Werth: Edith is a down-on-her-luck bar-owner who runs into her well-to-do twin sister at the funeral of Margaret's husband. Of course, Margaret stole her now-dead hubby from Edith 18 years ago, and, of course, Edith is still sore about it.  

Wise: Of course.  

Werth: So, of course, Edith takes this opportunity to murder Margaret and switch identities.  

Wise: Um, of course?  

Werth: This whole movie is full of weird plot points. But what makes it truly watchable is Davis. After her comeback turn in Whatever Happened to Baby Jane? (1962),  Davis seemed to relish roles where she could be ugly. In this film she plays not only the greedy, spoiled sister, but also the greedy sister who wants to be spoiled. 
With a plethora of state-of-the-art '60's film tricks like doubles, voice-overs, reverse over-the-shoulder shots and split-screens, Davis smokes and vamps her way through this Doublemint feature. With total abandon, she screeches, pops her eyes, laughs grainily, and says lines like,"a wino" in her legendary patois, "a why-no!"  

Wise: Careers have been made on a lot less.  

Werth: Davis was never known for subtlety, but some of her post-Baby Jane movies took her performance to the level of camp, with only a few moments of genuine regret for murdering her sister visible in this performance.
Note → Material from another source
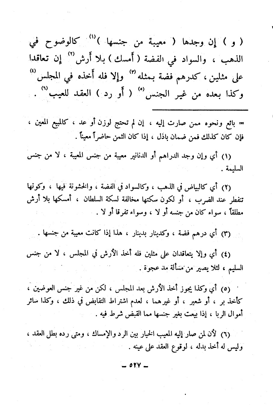 (¬4) أي وإلا يتعاقدان على مثلين فله أخذ الأرش في المجلس، لا من جنس السليم لئلا يصير من مسألة مد عجوة.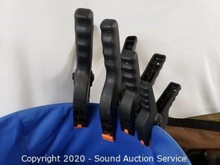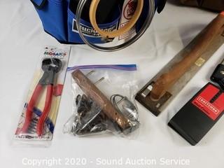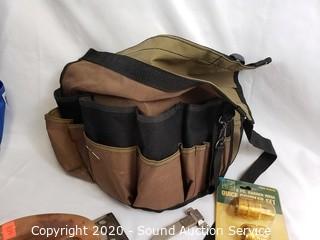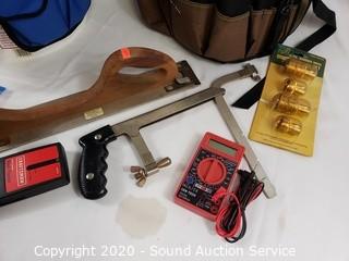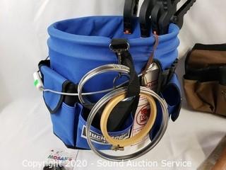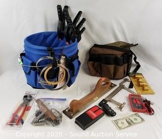 Lot Details: Includes Bucketeer 44 and other bucket tool bag, 3 clamps, multi meter, stud finder, tile cutting tool, garden hose quick coupler set and misc hardware.

Despite that, Davis' iconic mannerisms are worth the watch—like when Edith creatively uses a red-hot firepoker to solve the quandary of how to sign documents like her dead sister.  

Wise: I'm assuming that doesn't involve taking a penmanship class. 

Werth:  Dead Ringer is one of those films that you can't help laughing at, unintentionally.  Still, you wonder if, while Davis was cashing the paychecks, she knew what she was doing—slyly winking at the audience as she took yet another drag from her cigarette. So you're sure you don't want to attempt my jumper cables idea?  

Wise: Why don't we just plan a double feature of Burnt Offerings and Trog?